I know a lot of Mormons who felt an incredible amount of pressure to serve a mission from parents or relatives. I knew my mother wanted me to become a missionary, but it wouldn’t be fair to say she pressured me – at least not explicitly. I can’t recall a single time where she so much as encouraged me to serve.
However, there is an incredible amount of institutional pressure within the LDS church to serve a mission. From a young age, all male Mormons are taught that they WILL serve missions when they are older. Primary kids age 3+ are taught songs with lyrics like “I hope the call me on a mission, when I have grown a foot or two.” A significant goal of the Young Men’s organization for boys ages 12-17 is to prepare them to serve missions. Certainly, serving a mission in the LDS church is a right-of-passage, even though the leaders of the church have taught that it shouldn’t be. Many youth programs judge their successfulness by how many of their young men serve missions. Even the Young Women are sometimes encouraged only to marry men that successfully complete an LDS mission. Indeed, all to often 19-year-old Mormon men feel like they have only two options: 1. Become a missionary 2. Leave the church entirely.
If family wards provide institutional pressure, singles wards & BYU provide the social pressure. BYU is the only college campus in the world where you won’t find many males age 19 or 20 because they’re nearly ALL off being missionaries. And since every 18 year old freshman male on campus is expected to go, it’s a fequent topic of conversation. Sacrament meetings each week are marked by announcements of who will be serving where for the next two years. Romantic relationships evolve around the common understanding that any male age 18 will be MIA for the next two years – so don’t bother getting attached. When you meet someone new on campus who is obviously not a freshman, after the obigatory, “Where are you from?” get-to-know-you question, the next question is often “Where did you serve?” Nobody wants to answer, “I didn’t.”
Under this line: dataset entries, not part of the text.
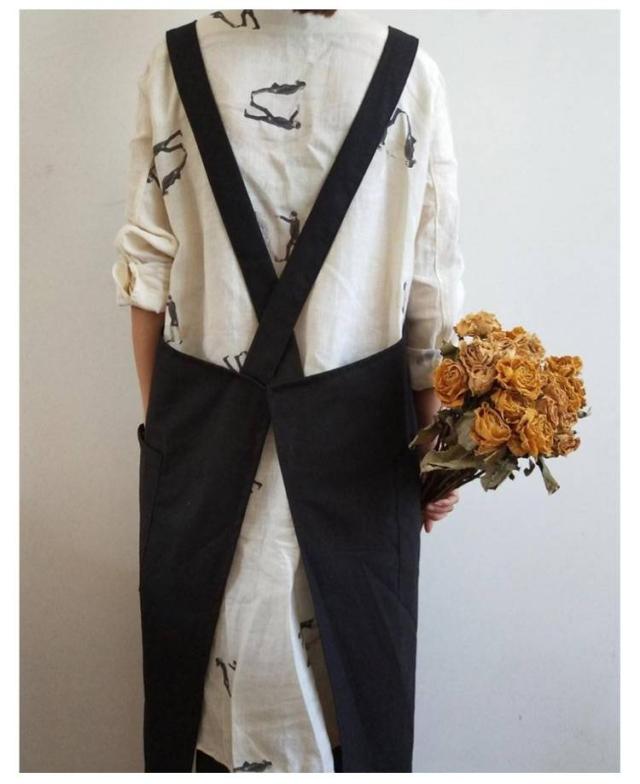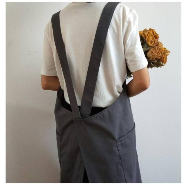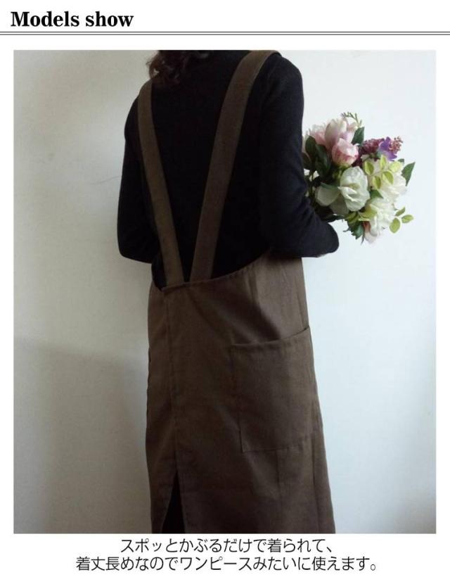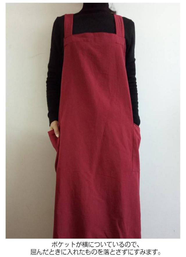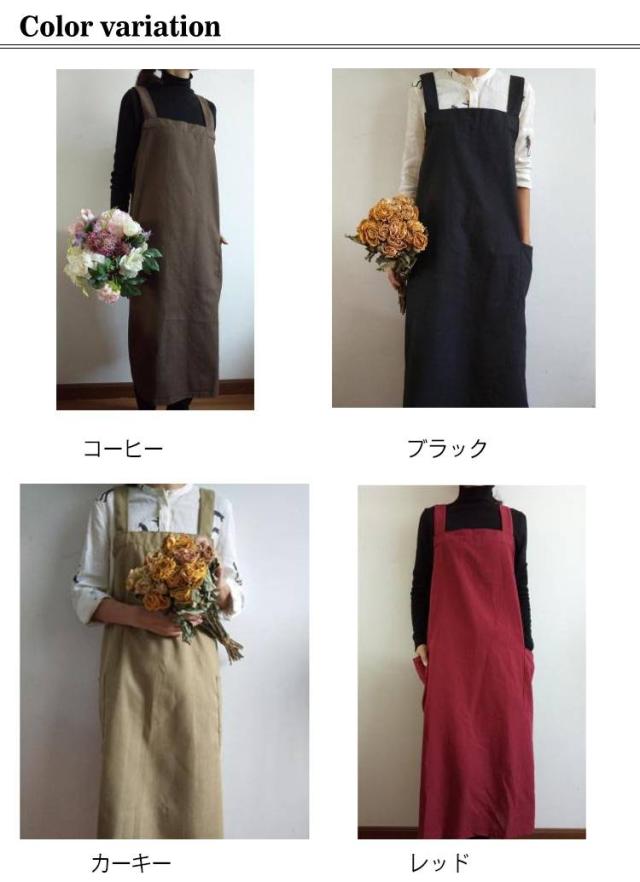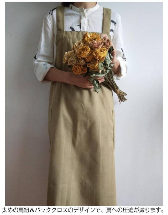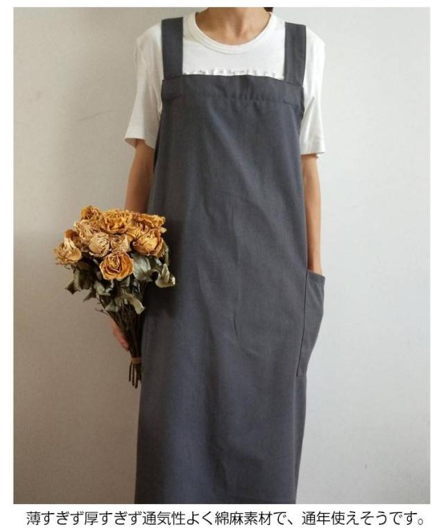 | シンプルで実用的な綿麻素材のクロスエプロン スポッとかぶるだけで着られて、着丈長めなのでワンピースみたいに使えます。 薄すぎず厚すぎず通気性よく綿麻素材で、通年使えそうです。 ポケットが横についているので、屈んだときに入れたものを落とさずにすみます。 太めの肩紐&バッククロスのデザインで、肩への圧迫が減ります。 | |
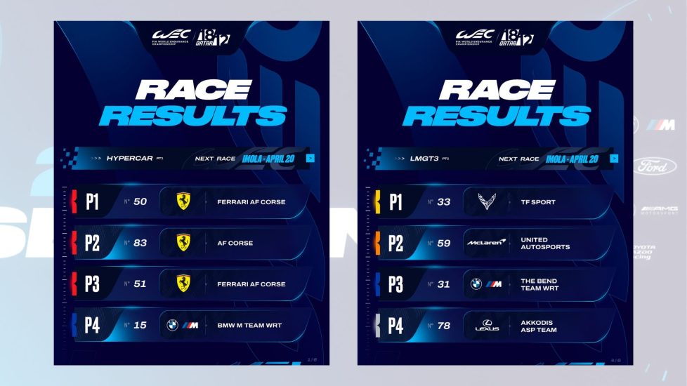 “#50 Ferrari AF Corse” kryesoi dhe u rendit e para e ndjekur nga skuadra private “#83 AF Corse 499P Hypercar” dhe #51 që u nis nga pole position për një triumf historik të markës italiane në disiplinën “Hypercar FIA WEC”. Në “Le Mans GT3”, Daniel Juncadella dhe TF Sport përdorën eksperiencën për të fituar pas 10 orëve duelin me Grégoire Saucy në bordin e McLaren. 12 muaj nga dominimi, “Porsche Penske Motorsport” bëri një paraqitje të dobët në vizitën e dytë në Lusail.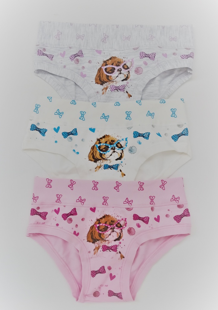 Detske nohavičky Emy. Veľmi príjemný a pružný materiál dievčenských nohavičiek, krásne a jemne farby doladene potlačou obrázkov. Strih nohavičiek je klasický a pas je vyšší. Horný obvod aj obvod nohavičiek sú volne preložené, preto sa nohavičky nezarezávajú a sú tak veľmi príjemné na nosenie. Do vnútorného dielu je zapracovaný bavlnený klínok. Farba Vám bude vybraná náhodne alebo môžete napísať farbu do poznámky. Cena je za jeden kus nohavičiek.
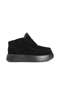 Women's ankle boot with raised sole and stitching. suede upper and synthetic fur lining.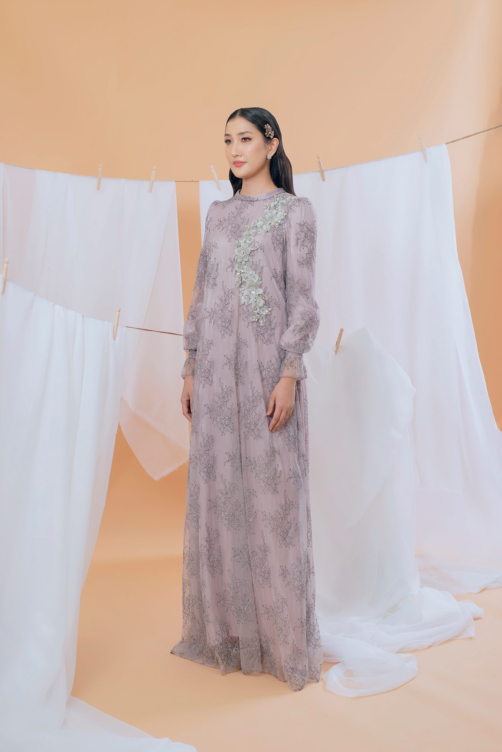 The sweetest, elegant look you’re getting this Raya 2021 from us, our Ramadhani kaftan is here! Gathering cottage core vibes, our pastel colours combination with this beautiful work of lace is simply breathtaking. What screams Malaysian about this piece is the intricate embroidered flowers on it! Don’t it just reminded you of the pieces back in the olden days where there are big 3D flowers popping? Well, this Ramadhani piece is made to relive that again but instead in a more modern and elegant manner. With its breathable material, it feels like you’re wearing your sweatsuits at home. Awe your audience this Raya with Ramadhani, she’s a keeper.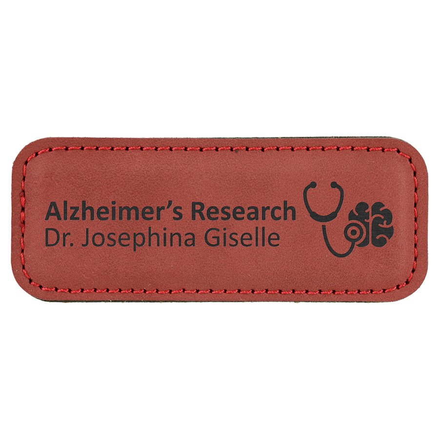 This  Leatherette Badge with Magnet offers a sophisticated and durable solution for professional identification. Featuring a high-quality leatherette surface with an elegant gold tone, it ensures a polished look. The integrated magnet securely fastens the badge without piercing fabric, preserving clothing integrity while providing ease of use. Perfect for corporate events, retail staff, or conferences, this badge combines style with practical functionality for a seamless professional appearance.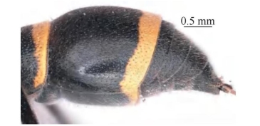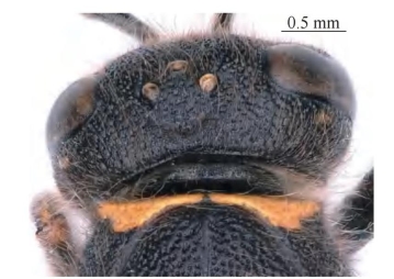 【形态特征】 体黑色,具黄色斑和金色长毛。雌性唇基黑色,触角黑色;前胸背板前基部,腹部第1、2节背板及第2节腹板端部分别具黄色条带;足大部分黑色。雌性唇基刻点小且疏;胸部整体刻点大且密,前胸背板肩角很短而不明显、呈钝角;腹部刻点较头、胸部的刻点小且稀疏,腹部第2节背板刻点较第1节背板刻点更稀疏,整个腹部密生金色短毛,第1节背板窄且基部宽与背板长几乎相等;侧面观第2节背板无明显隆起,腹板平坦,无凹陷及凸起,靠近基底沟处平坦且具极小棱角。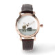 Femme Parfait Carré Brown Leather Strap Watch avec grizzly ours & petits Créé par becsandmore

So why did I serve? To argue that I was immune to the insitutional and social pressures overestimates my integrity. I served a mission because I was too much of a coward to stay home. I didn’t want to be a missionary, but staying home didn’t seem like a viable option. I didn’t want to disappoint my family or friends, & I didn’t want to carry around the social stigma of not serving. I didn’t even give serious consideration to the idea of staying home. Because everyone goes, so I did, too. I became a missionary for the LDS church.
My decision to become a missionary for the LDS church was easy, but it was far from painless. Although the outcome of becoming an LDS missionary was inevitable, I still navigated a process of convincing myself that it was a good idea – or trying anyway. Like many prospective missionaries, I was scared & naive – completely unaware of what I was signing up for. But I was not faithless.
I had faith in God – that he would accept my efforts, despite my doubts & fears regarding Him – I had faith that he knew me, my heart, my intentions.
I had faith in myself – that I could accomplish anything I set out to do – including serving an LDS mission.
I had faith in prayer – despite God’s apparent unwillingness to answer mine.
I left on my mission unsure if I was doing the right thing, but I knew I was doing something in God’s name – whether He wanted it or not. I was terrified by the prospect of becoming a missionary – but just as terrified as choosing to stay home. At worst, I knew it would be a trivial exercise of performing acts for a God who didn’t want them in the first place. I wasn’t sure God wanted me to be a missionary, but I wasn’t sure he didn’t want me to be a missionary either.
I believe that having faith can be a courageous act – that believing in things not seen is a gift from God – something to be urgently sought after and cherished – that taking additional steps forward before seeing where your feet will land is part of God’s glorious plan. But I believe that faith can also be an excuse to avoid answering difficult questions – that sometimes it’s easier to follow the crowd into the dark than wait for God’s light to shine. Sometimes it’s not clear which is which. I became a missionary for the LDS church as an act of faith, I’m just not sure which type of faith.